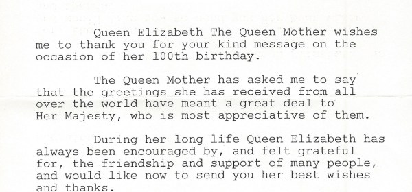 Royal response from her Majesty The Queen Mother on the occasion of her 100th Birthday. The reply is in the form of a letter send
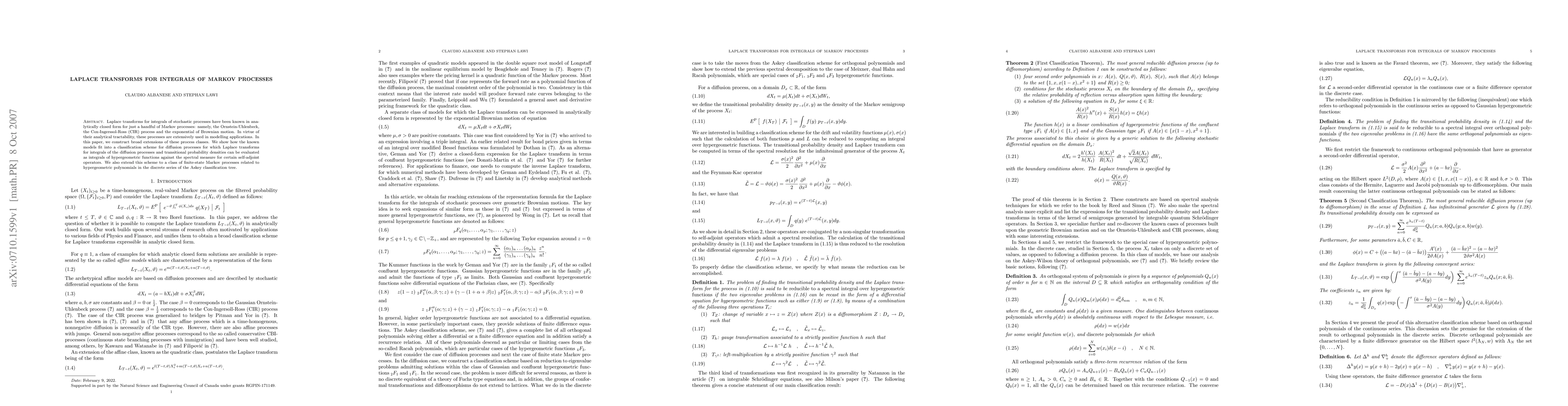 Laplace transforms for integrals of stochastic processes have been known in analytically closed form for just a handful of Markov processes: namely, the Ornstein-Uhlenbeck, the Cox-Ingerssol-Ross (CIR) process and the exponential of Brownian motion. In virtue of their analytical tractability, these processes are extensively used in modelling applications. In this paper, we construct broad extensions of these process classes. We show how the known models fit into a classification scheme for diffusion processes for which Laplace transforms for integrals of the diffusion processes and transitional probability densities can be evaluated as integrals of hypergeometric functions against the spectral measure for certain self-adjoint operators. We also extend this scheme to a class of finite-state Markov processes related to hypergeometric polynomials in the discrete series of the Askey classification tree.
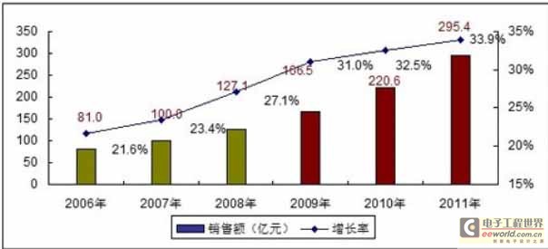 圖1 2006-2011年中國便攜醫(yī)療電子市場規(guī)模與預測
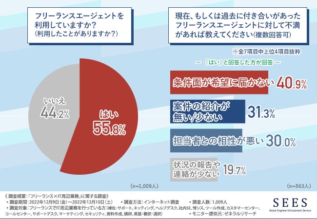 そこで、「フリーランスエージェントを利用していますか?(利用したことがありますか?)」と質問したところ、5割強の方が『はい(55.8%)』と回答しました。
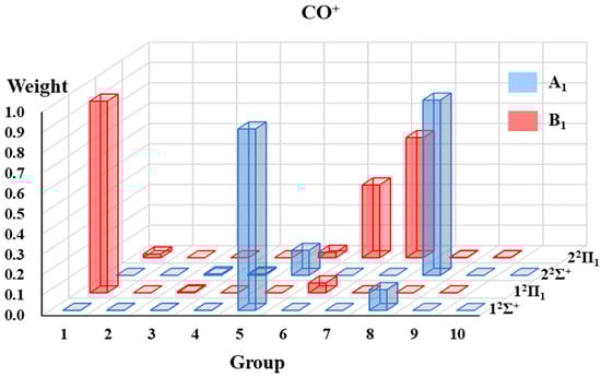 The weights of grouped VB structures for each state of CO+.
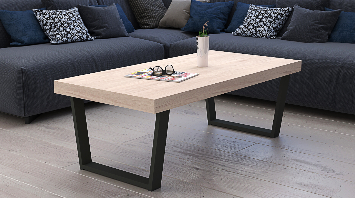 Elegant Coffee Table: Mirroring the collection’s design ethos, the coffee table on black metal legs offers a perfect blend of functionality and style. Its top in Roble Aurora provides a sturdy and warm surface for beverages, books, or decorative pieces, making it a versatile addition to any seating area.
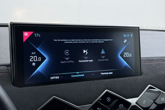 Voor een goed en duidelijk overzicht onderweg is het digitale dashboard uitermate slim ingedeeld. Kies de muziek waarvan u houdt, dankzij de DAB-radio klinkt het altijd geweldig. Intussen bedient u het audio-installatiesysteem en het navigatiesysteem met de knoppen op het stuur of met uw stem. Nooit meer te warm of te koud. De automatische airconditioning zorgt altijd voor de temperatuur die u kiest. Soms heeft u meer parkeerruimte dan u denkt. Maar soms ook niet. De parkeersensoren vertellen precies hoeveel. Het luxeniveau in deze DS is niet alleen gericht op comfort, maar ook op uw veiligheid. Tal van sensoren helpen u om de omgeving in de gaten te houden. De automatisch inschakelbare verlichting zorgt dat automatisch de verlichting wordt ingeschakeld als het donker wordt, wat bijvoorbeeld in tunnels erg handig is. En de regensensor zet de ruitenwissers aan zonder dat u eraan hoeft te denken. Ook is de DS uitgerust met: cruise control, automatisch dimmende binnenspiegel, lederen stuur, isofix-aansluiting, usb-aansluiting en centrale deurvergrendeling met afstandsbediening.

Exercise description
Leaving out all pictures, set down exactly the lines of the material above, from the line with "Laplace transforms for integrals of stochastic" to the line with "The weights of" inclusive, and no others.

Your response
 Laplace transforms for integrals of stochastic processes have been known in analytically closed form for just a handful of Markov processes: namely, the Ornstein-Uhlenbeck, the Cox-Ingerssol-Ross (CIR) process and the exponential of Brownian motion. In virtue of their analytical tractability, these processes are extensively used in modelling applications. In this paper, we construct broad extensions of these process classes. We show how the known models fit into a classification scheme for diffusion processes for which Laplace transforms for integrals of the diffusion processes and transitional probability densities can be evaluated as integrals of hypergeometric functions against the spectral measure for certain self-adjoint operators. We also extend this scheme to a class of finite-state Markov processes related to hypergeometric polynomials in the discrete series of the Askey classification tree.
 圖1 2006-2011年中國便攜醫(yī)療電子市場規(guī)模與預測
 そこで、「フリーランスエージェントを利用していますか?(利用したことがありますか?)」と質問したところ、5割強の方が『はい(55.8%)』と回答しました。
 The weights of grouped VB structures for each state of CO+.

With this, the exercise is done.